When people talk about living within their means, they don't just mean buying the cheapest house available. From groceries to transportation, many factors can affect cost of living, and these vary widely across the U.S.
Considering how much income can also vary among states, it's important for people to recognize the areas where they might be paying too much. Using the latest version of the 2018 Cost of Living Index from The Council for Community and Economic Research, we compared the costs of many common expenses across America. Keep reading to see how your area compares when it comes to the prices you pay.
The Big Picture
The cost of living in San Francisco is significantly higher than average, but you might be surprised to learn the exact cost is 91.4 percent higher than the national average. Conversely, Harlingen, Texas, is 23.5 percent lower than the national average. Given its low cost of living, you might think people would flock to this area in southern Texas, but according to the census, the population has only increased by 0.9 percent since 2010.
Several cities on the upper end of the list are located on the coast, such as San Francisco and Honolulu. However, if you've always dreamed of living by the water and lack the funds to live in one of the above-average cities, the Mississippi River running through Memphis, Tennessee, is nothing to shake a stick at. As the second-longest river in North America (and a close runner-up to China's Yangtze in length), this majestic body of water is also a hub for a lot of activity.

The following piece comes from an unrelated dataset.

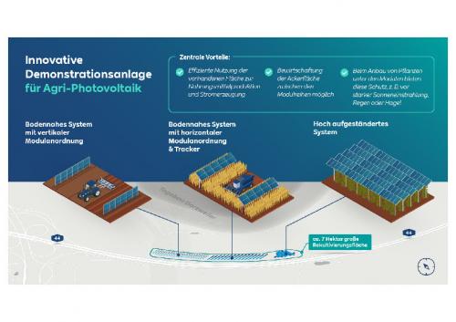 Dezember bekannt gab, will er mithilfe der Anlage geeignete Bewirtschaftungsmethoden und wertschöpfende Betreiberkonzepte für Agri-PV-Anlagen entwickeln. Bei der Agri-PV wird ein und dieselbe Fläche sowohl zur Solarstromerzeugung als auch für Acker- und Gartenbau genutzt.

What exactly accounts for these differences in the cost of living, though? Housing is certainly a major factor; the average home price in Harlingen is around $229,500, while housing prices in San Francisco are a remarkable 230 percent higher than the national average. In addition to housing, other common expenses, like dining out, can really drive up living costs. For example, a restaurant order of toast priced at $4 caused outrage in 2013.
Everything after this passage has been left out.